The Basic Understanding of Algorithms Used in Spell Checkers
The first-ever spell check was called WordCheck and released in 1981 on Commodore computer systems. Forty years later, Grammarly is taking chunks out of the competition with its range of features, but even this tool is looking over its shoulder now as AI-generated text is looking to take humans out of the equation entirely.
Any essay writer will tell you that a spell checker is an invaluable tool for their craft. Machines are great at spotting errors based on simple spelling mistakes. As computing power has grown, it has become possible for spell checkers to evolve into grammar and even tone checkers.
Algorithms are sets of instructions carried out by computers. So if you’re using one, you’re saving time and effort, but a great deal of effort was exerted in order to produce a fine set of algorithms that can deal with the vagrancies of the human language. Here’s a basic view of what algorithms are up to when checking your texts.
A level of sophistication
A legitimate spell-checker needs to have some sophistication; a poem by Jerrold H. Zar written in 1992 illustrates this rather nicely.
Eye have a spelling chequer,
It came with my Pea Sea.
It plane lee marks four my revue
Miss Steaks I can knot sea.
A spell-checker using only an algorithm that examines each individual word will not find a problem with that stanza. Indeed, when we read it, we get the joke immediately. Sophisticated spell-checkers need to include a language model that can check each word not only for letter-order but for the context in which a word appears.
Today, spell-checking programs are available for a wide range of languages – almost all of them in fact – and each language brings its own set of quirks that require algorithmic tweaks. Highly synthetic languages – like German – need to include heavily morphological analysis, that is the way words are formed.
In German, words are built up from root words by adding additional letters in a process called inflexion or agglutination. All languages use this process to an extent, but some much more than others. That’s how you can end up with very long words like ‘rechtsschutzversicherungsgesellschaften’. Language variations like American or British English are much easier to deal with than these kinds of problems.
Native spell-checkers are at an advantage when the language in question is complex, as people developing the program are more aware of its deployment. Some spell-checkers use a solely data-driven approach, which can save time but can increase the number of errors before the final version is rolled out and ready to use.
Some key algorithms
Certain algorithms are so successful they have names, rather than being abstractly simple and serve ‘general purpose’. For instance, Levenshtein distance is a form of string matching that measures the differences of two or more strings. For those not in the know, a string is the computer science term for a set of characters.
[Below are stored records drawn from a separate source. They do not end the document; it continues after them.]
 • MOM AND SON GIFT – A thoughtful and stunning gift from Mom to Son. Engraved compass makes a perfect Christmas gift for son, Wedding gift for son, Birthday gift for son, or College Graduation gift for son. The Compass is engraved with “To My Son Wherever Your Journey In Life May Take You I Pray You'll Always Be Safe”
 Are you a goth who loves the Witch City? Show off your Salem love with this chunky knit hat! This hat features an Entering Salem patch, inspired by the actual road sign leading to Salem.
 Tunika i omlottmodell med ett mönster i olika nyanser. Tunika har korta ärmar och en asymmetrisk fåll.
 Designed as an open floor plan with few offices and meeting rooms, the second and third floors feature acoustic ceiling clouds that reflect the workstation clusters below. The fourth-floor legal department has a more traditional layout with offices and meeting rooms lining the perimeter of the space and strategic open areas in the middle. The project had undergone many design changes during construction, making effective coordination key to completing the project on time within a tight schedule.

BK-Trees are a more recent development; it is a data structure based on Levenshtein. It calculates the number of changes a word has to go through in order for it to turn into another word. You may recognize this as a popular puzzle in the games section of newspapers where you have to gradually turn one word into another. Yes, just like an algorithm!
Markov Chains is another popular algorithm used in spell-checking software. A Markov Chain uses corpus analysis to predict which character should come next in the sequence. This algorithm is used not only in spell-checkers but in stock market analysis and other time-series based problems, such as football scores.
Checking your tone
In essence, spell-checkers seem simple. They break down your text into words, and those words are compared against a dictionary. However, it is the ability to suggest accurate changes that set apart a good spell-checker from merely a ‘verifier’.
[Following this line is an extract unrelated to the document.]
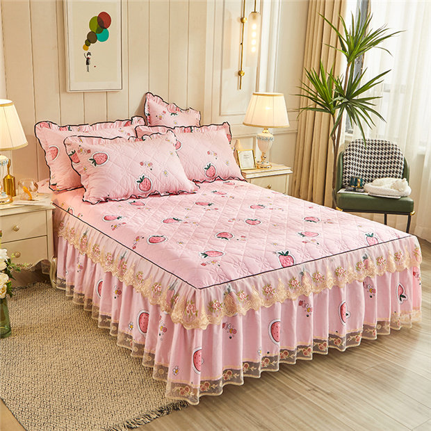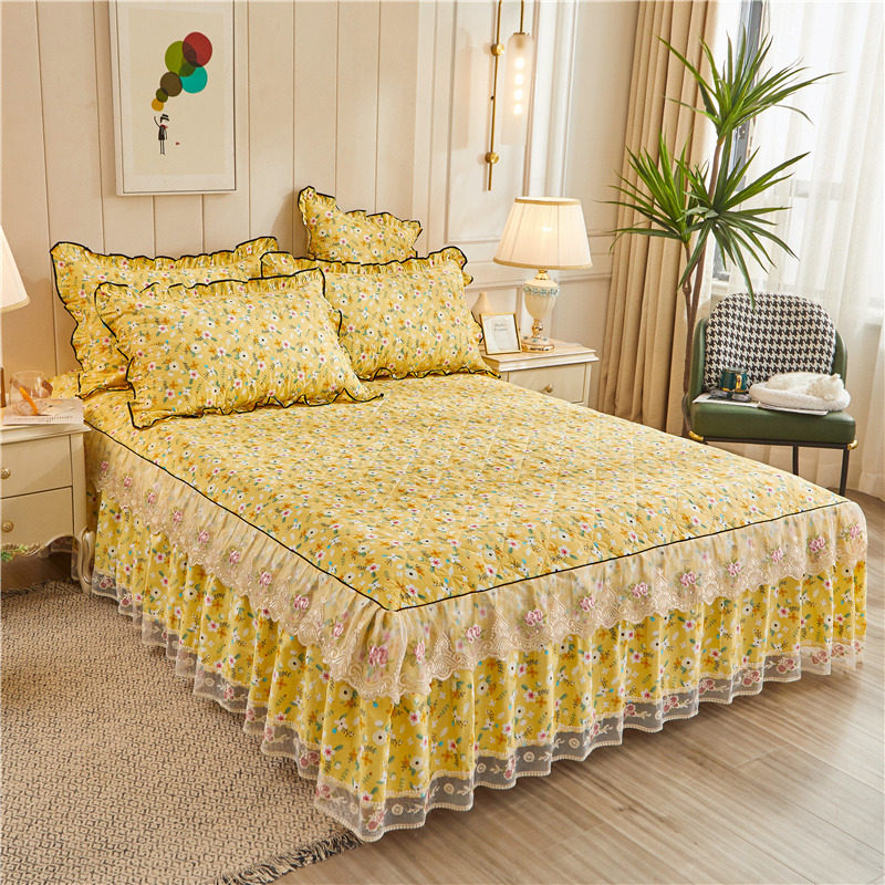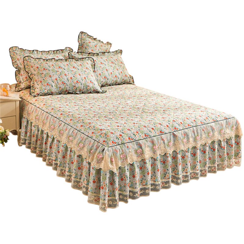All-cotton thickened laminated cotton bed dress lace lace bedcover pure cotton small crummy bed protective sleeve dust-proof flower single piece-Taobao

The development and advancement of spell-checkers also open up the question of where the boundary of ‘correct’ spelling lies. With spell-checkers that grade your tone and voicings, the software is assessing whether or not you are writing in a way that fits the purpose of the paper.
All spell-checkers need to use a corpus to be highly successful. We’re adding to this corpus all the time, and are able to create tools that blur the line between checking the formulation of words and actually writing content.
N-Grams, also known as Markov Chains, are essential in the fields of computational linguistics; they deal with probability in sequences and are very powerful tools. The main algorithm in question however is still Levenshtein Distance. If you can get to grips with the necessary approaches behind this algorithm, you will be quickly on the way to building your own spelling, and even grammar, checker.